I continue to believe investors are being short-sighted and underestimating the potential for government-mandated app store fee reductions and/or workarounds that will allow games, dating apps and others to reduce their effective commission from 30% to closer to 10% on iOS and Android.
The negative potential for Apple’s highest-multiple and highest-margin revenue stream and the positive implications for the whole gaming and content industry are incredibly large and I believe this presents one of the most attractive 1 to 2-year risk/rewards in the broader TMT investable landscape. Just about every major country has some sort of anti-app store legislation or regulatory examination in process- this has reached critical momentum and in my view, will happen in some shape or form.
$RBLX has gone on record to state that they will pay most of any fee reduction out to the long tail of small developers on their platform- at the end of the day Apple’s 30% fee is a monopolistic tax that hurts thousands of small businesses.
$TTWO Grand Theft Auto: The Trilogy – The Definitive Edition and More Coming Soon
Rockstar officially announced the long-rumored GTA remaster of Vice City, San Andreas and GTA III. This should quell some investor fears of Take Two missing their annual guidance as the delay of the GTA5 next-gen remaster was recently delayed to March 2022 and limited supply of next-gen consoles that may not end until late 2022 could still limit its success. In fact the stock has already rallied ~20% off its September lows.
Random Things & Other News
Toto Wolff is the coolest guy in sports.
Epic / Balenciaga partnered to bring Balenciaga swag to Fortnite and Fortnite swag to Balenciaga in real-life ($475 t-shirt anyone?). This is a trend that I only see accelerating after recent successes from Gucci/Roblox and the continued success of Metaverse-like platforms where users truly view their avatars as representations of themselves and the social aspect of the platform comes before the game.
$EA Battlefield 2042 beta is performing extremely poorly and the game was already delayed despite EA taking an additional year to work on the game.
Population stagnation is a long-term global economic issue.

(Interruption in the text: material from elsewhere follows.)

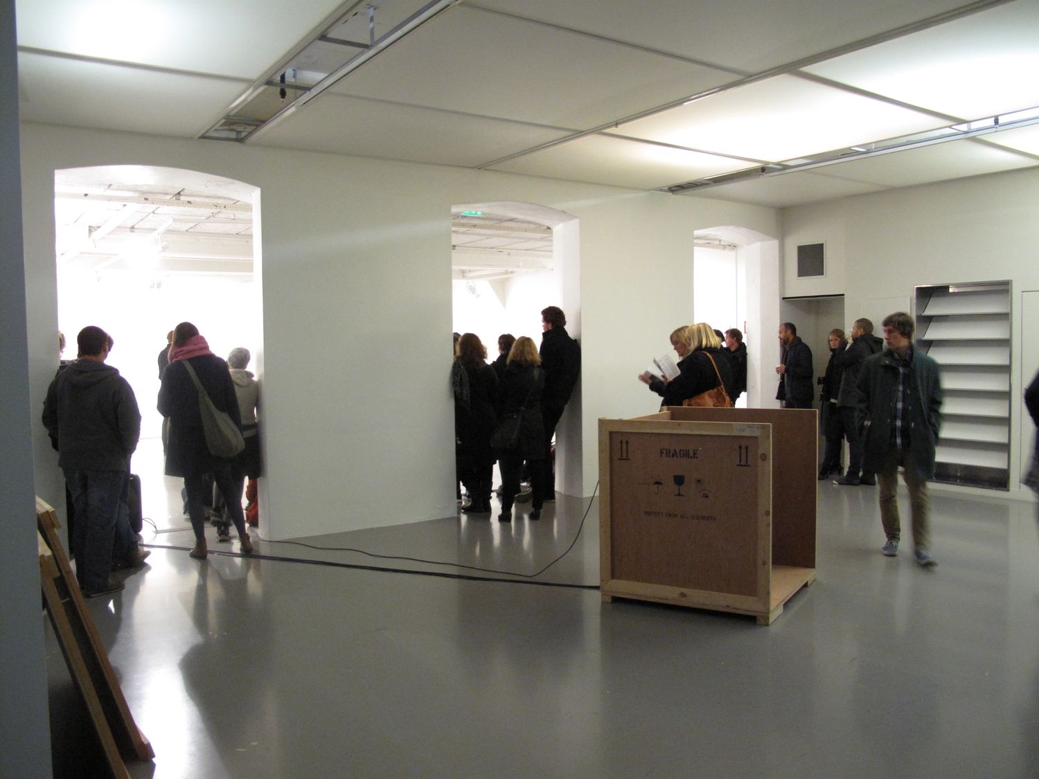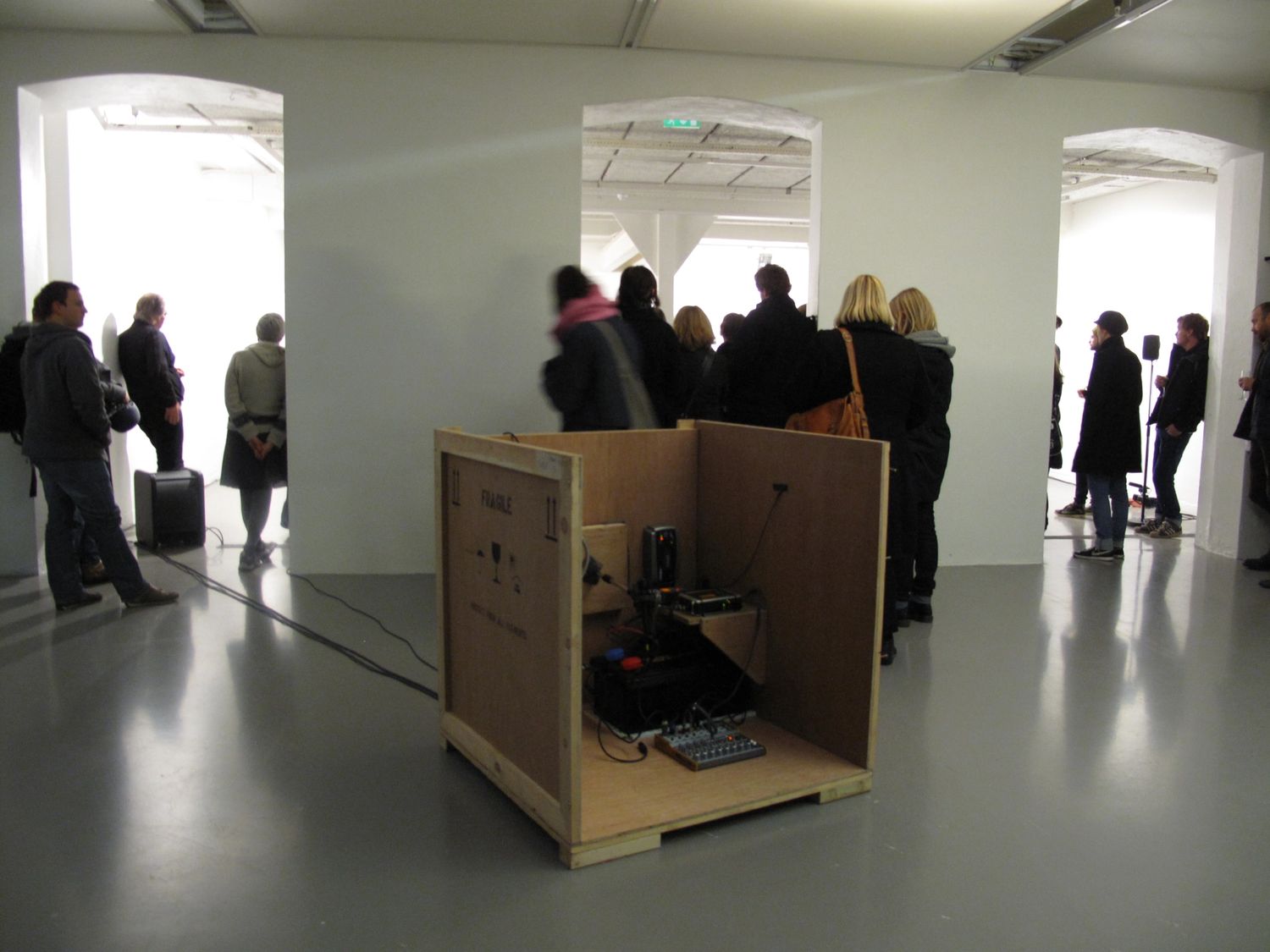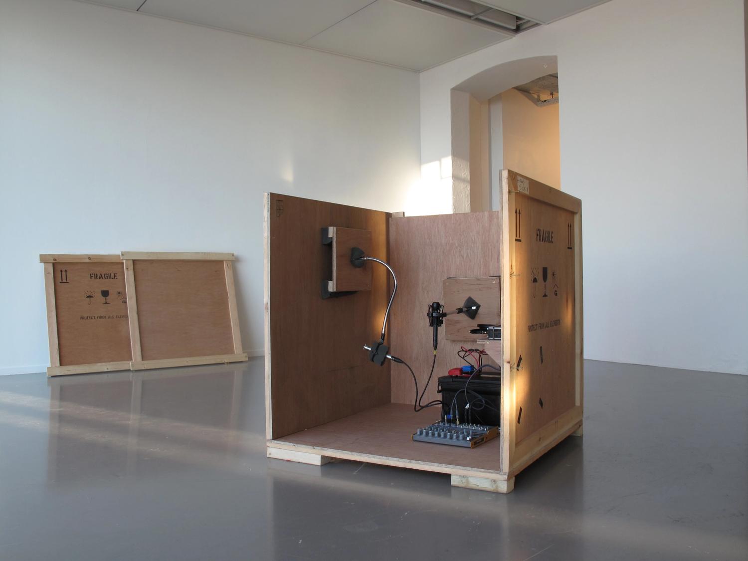 Made in part with reference to Robert Morris Box with the sound of it's own making (1961) the work is intended to extend the internalised elegance of Morris's original gesture and its implied assault on the autonomous art object, to that of a contemporary expanded field of globalised trade (exemplified by the art market). As if to extenuate its relationship to global art trade still further this essentially empty crate makes its first journey away from London simultaneously with the beginning of the Frieze art fair whereby a large proportion of the worlds contemporary art will arrive in London in identical crates. As an object and sound piece, the three and a half day field recording offers more obtuse and suggestive readings, articulated in part by the chance factors involved as to when the viewer sees and hears the work, and at which point in the journey they intercede.

Apple TV is the only streaming app that I open every week lately for Ted Lasso and Foundation.
$MSFT will allow the Epic Games store to operate on its PC app store with no fee.
Gene Editing and Cell Therapy- I started looking at this space after watching Unnatural Selection on $NFLX. The industry has faced a few setbacks of late with weak data from $EDIT and a safety issue from $ALLO. I continue to believe this is the most exciting thing to happen to healthcare in decades and has transformative potential for cancer and rare-drug treatment but recent issues have certainly spooked investors. These things never happen in a straight line and I continue to favor $MXCT as my diversified play on the sector.
$AMZN New World continues to dominate the Steam charts and looks like a real MMORPG hit, although the launch has not been without multiple hiccups from long queue times to scammers.
Luckily these NPCs going mad did not happen in a physical setting like Westworld or to the infamous Boston Dynamics robots.